Figure 3. — TGF-β2 downregulates ferroportin in human TM. (A) Western blotting of lysates from primary human TM cells exposed to TGF-β2 or FAC shows decrease in Fpn expression relative to control (lanes 2−4 vs. 1). Full images are shown in Supplementary Figure S1-3A. (B) Densitometry after normalization with β-actin shows a dose dependent decrease in Fpn of 1.2-fold and 2.3-fold with 4 and 8 ng/mL of TGF-β2, respectively, relative to controls. The decrease in Fpn by FAC is equivalent to 8 ng/mL of TGF-β2. Values are mean ± SEM of the indicated n. *P < 0.05, **P< 0 .01. (C) Hematoxylin and eosin staining of fixed tissue from human ex vivo anterior segment model of POAG overexpressing TGF-β2 shows the expected architecture of TM and the Schlemm's canal (SC) (panels 1 & 2). Immunoreaction of serial sections for Fpn shows expression on the plasma membrane in the control sample (panel 3, arrowhead), and internalization and downregulation in TGF-β2-expressing sample that showed increase in IOP with time (panel 4, arrowhead) (Supplementary Figure S4). Serial sections exposed to rabbit IgG and processed in parallel shows no reactivity (panels 5 & 6). Scale bar: 25 µm.

Relevance of the above results to POAG was explored in the ex vivo human anterior segment culture model of glaucoma overexpressing TGF-β2 in the TM.²⁵ Following overnight equilibration, the samples were infused with AdhuTGF-β2 or vector, and change in pressure was monitored over time. As expected, there was a gradual but significant increase in pressure in TGF-β2-expressing sample relative to the control after 6 days (Supplementary Fig. S4), at which time the samples were removed and processed for immunohistochemistry. Staining with hematoxylin and eosin (H & E) confirmed preservation of architecture in both samples with clear demarcation of TM and Schlemm's canal (Fig. 3C, panels 1,2). Immunostaining of serial sections for Fpn showed internalization and downregulation of Fpn in TM cells overexpressing TGF-β2 relative to vector control (Fig. 3C, panels 3,4). Incubation of serial sections with rabbit IgG did not show any reaction, confirming the specificity of Fpn reactivity (Fig. 3C, panels 5,6).

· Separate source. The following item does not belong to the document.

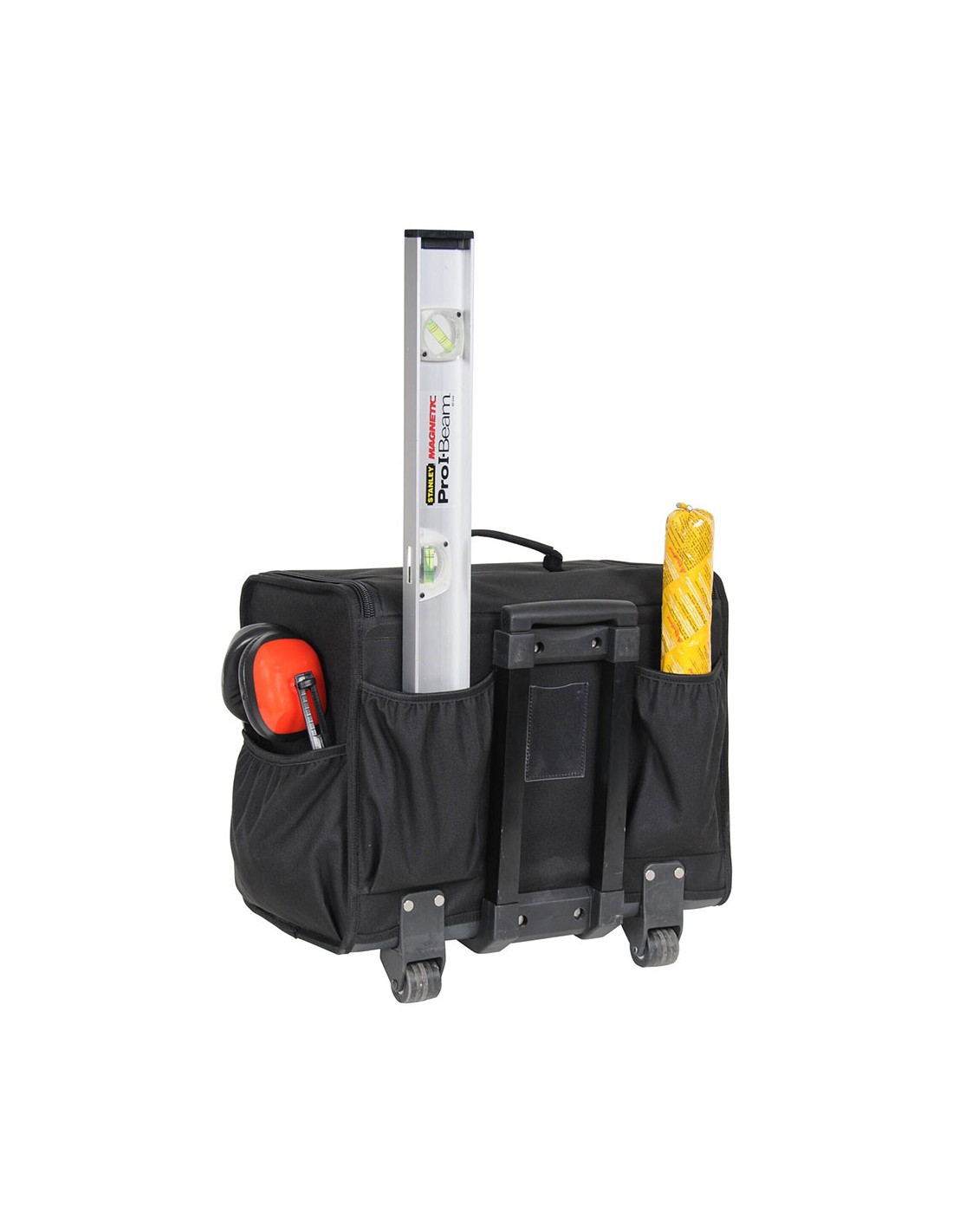 Tejido muy resistente 600x600 denier. estructura rígida que facilita la abertura y el acceso a las herramientas. asa telescópica metálica y ruedas muy resistentes para una maniobrabilidad y estabilidad óptimas. múltiples compartimentos internos y externos que permiten una mejor ordenación. compartimento interno transparente para la ordenación de documentos. divisor extraíble. pies de 5.5cm mantienen la bolsa a una distancia del suelo para evitar que la suciedad y la humedad dañen las herramientas

To evaluate whether the TGF-β2-mediated downregulation of Fpn through hepcidin increases intracellular iron and upregulates ferritin, primary human TM cells were exposed to 4 and 8 ng/mL of TGF-β2 for 24 hours as above, and lysates were processed for Western blotting. Probing for ferritin showed significant upregulation in cells exposed to 8 ng/mL of TGF-β2 relative to controls (Fig. 4A, lanes 2,3 vs. 1; Fig. 4B), although less than FAC (Fig. 4A, lane 4; Fig. 4B). Downregulation of Fpn by siRNA also upregulated ferritin, confirming the hepcidin-Fpn-iron axis in these cells (Supplementary Fig. S5).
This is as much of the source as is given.